Старшего Аверинцева уже не было в живых, когда Сережа пригласил меня в гости. Аверинцевы еще жили тогда в центре бутиковских трущоб, в каком-то страшном дворе. Живо припомнилось, как оттуда налетали молодые пролетарии (я жил на углу Бутиковского, в Первом Зачатьевском), прижимали к стене и требовали: скажи «кукуруза»! А потом с наслаждением драли мою еврейскую шевелюру. Как только вышла из комнаты мать, я спросил Сережу: били вас в детстве? Били, – ответил Сережа. За что – нетрудно понять: потому что мальчик слабый, болезненный и ни на кого не похож. Хотя и не еврей, а все равно – чужой. «Считайте, что мы в родстве, – сказал я. – Вас били младшие братья или может быть дети тех огольцов, которые били меня». Думаю, что впечатления детства избавили Сережу от народопоклонства и никакой Хайдеггер не мог убедить его погрузиться в мистику почвы. Его почвой стала культура – все богатство средиземноморской культуры.
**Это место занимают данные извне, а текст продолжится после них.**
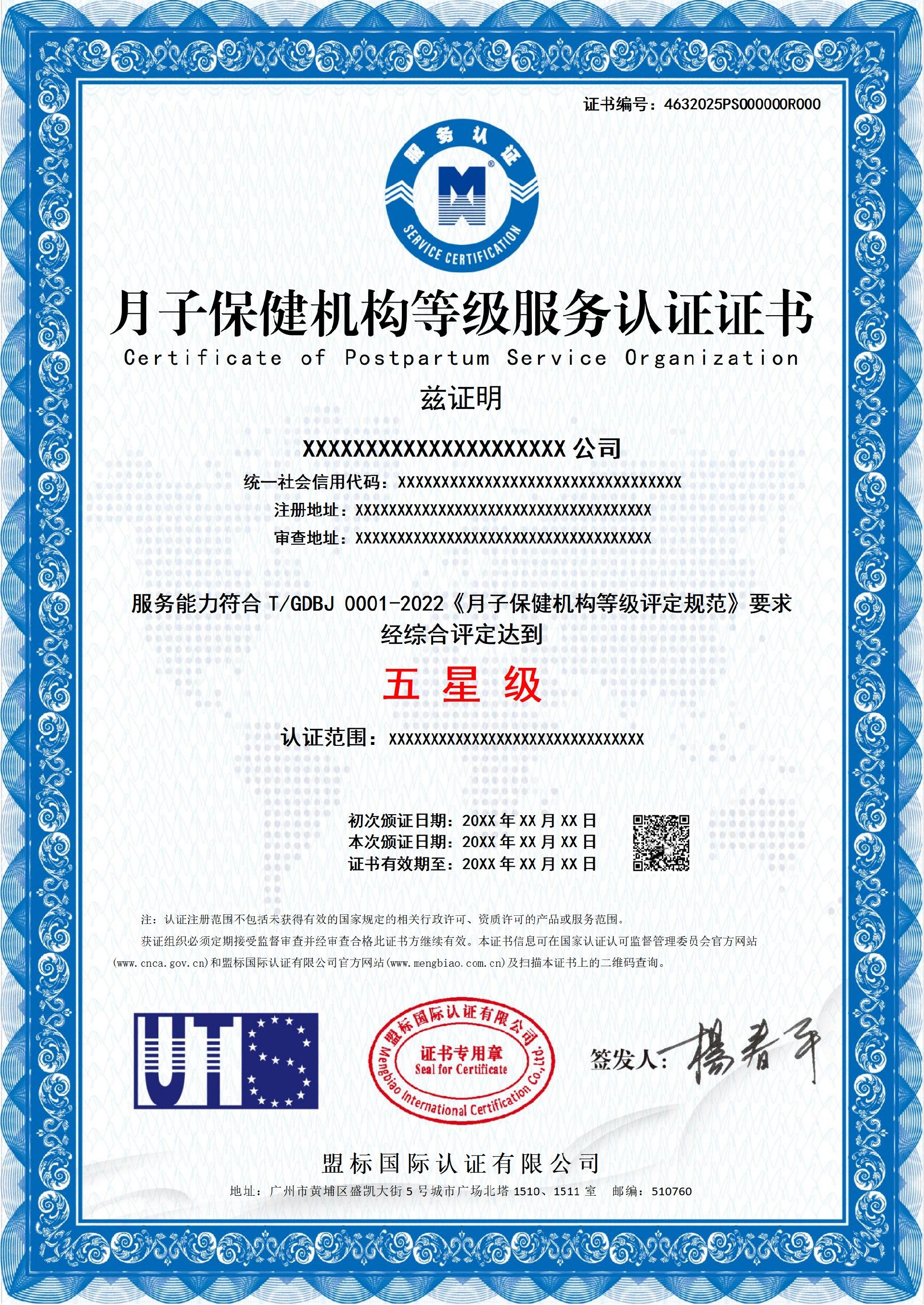 月子保健機構等級服務認證證書-樣版
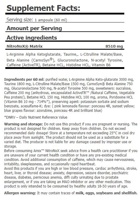 Vă rugăm să vedeți a doua fotografie a produsului pentru lista completă de ingrediente. AMIX Nitro Nox® Shot Box.
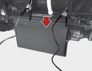 배터리의 「+」 단자와 「-」 단자를 반대로 연결시 배터리와 타이어 임시 수리 장치에 손상을 줄 수 있으므로 반드시 연결순서에 따라 케이블을 연결하십시오.
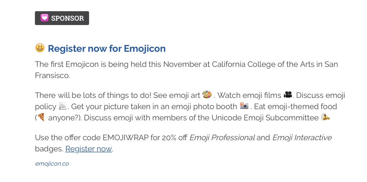 7. 💟 Thanks to Emojicon for sponsoring Emoji Wrap this week 👉 Details and registration @
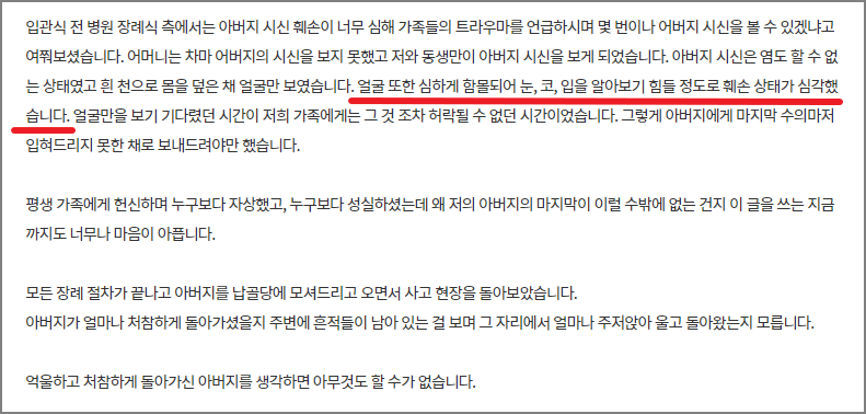 사망할 당시 너무나도 시신훼손이 심해서 가족들에게 시신을 볼 것이냐고 몇번을 재차 확인했다고 합니다.
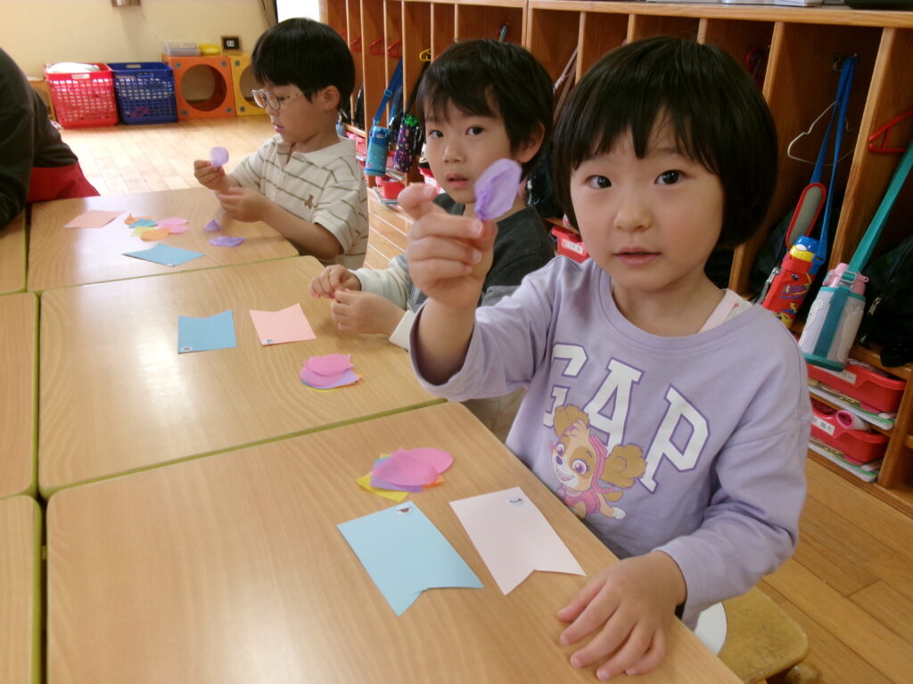 花紙は、ピンク、オレンジ、黄色、水色、紫の5色です❣️
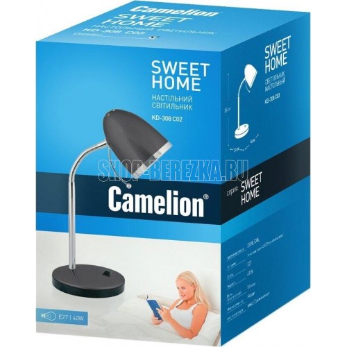 Настольный светильник Camelion KD-308 C02 черный, размер 150х150х240мм, источник света - ЛОН, тип лампы - 40/A/Е27, патрон - E27, мощность 40Вт, 230 В, 50 Гц.
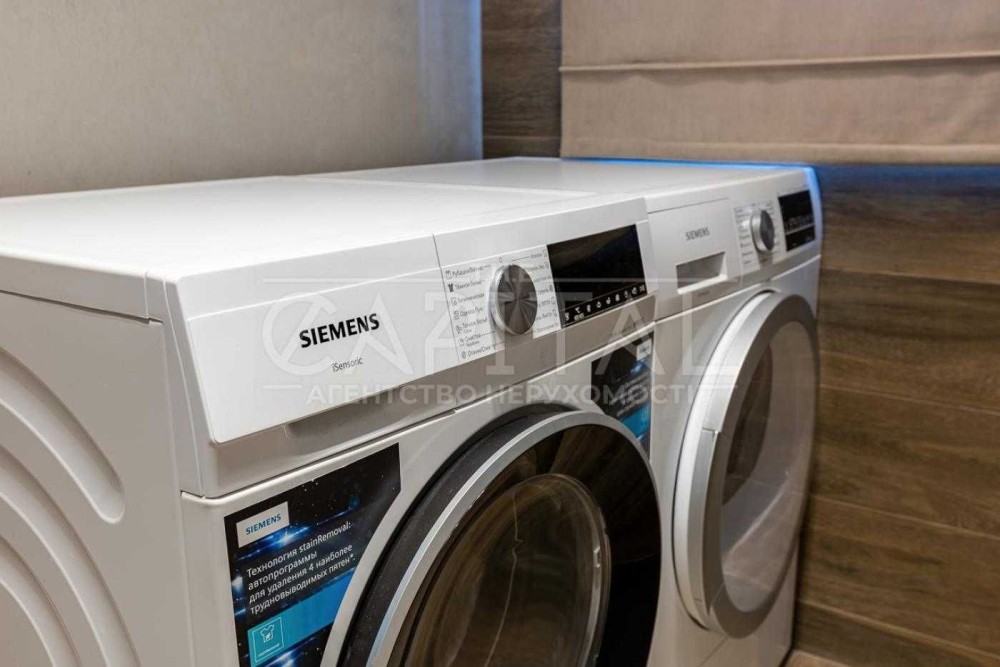 Кухня функціональна й продумана до деталей, укомплектована якісною побутовою технікою Siemens, зручно організована для активного використання та сімейних вечерь.

Сережа рос домашним ребенком, с опаской выходя во двор и изредка посещая школу в перерывах между болезнями. В тридцать с лишним он оставался домашним подростком, звонившим маме по телефону, задерживаясь на полчаса. Он объяснял мне, что мама столько возилась с его детскими болезнями, – и теперь его долг беречь ее нервы. Друзьями этого домашнего ребенка становились друзья отца – немного помоложе других, но давно вышедшие из детства. И так как это были люди отцовского круга, то в университет Сережа пришел инопланетянином. Да так и остался инопланетянином. Его не тянуло даже возмущаться нравами террариума.
За всем этим стояло еще одно событие, скорее чудесное, чем случайное. Как-то мы заспорили на метафизическую тему. Я сослался на свой опыт целостности бытия. «У меня тоже был опыт», – серьезно ответил Сережа, не раскрывая, какой. Мы просто поверили друг другу, что не живем полностью на той поверхности, где кипела так называемая жизнь. И каждый по-своему старался не терять контакта с собственной глубиной.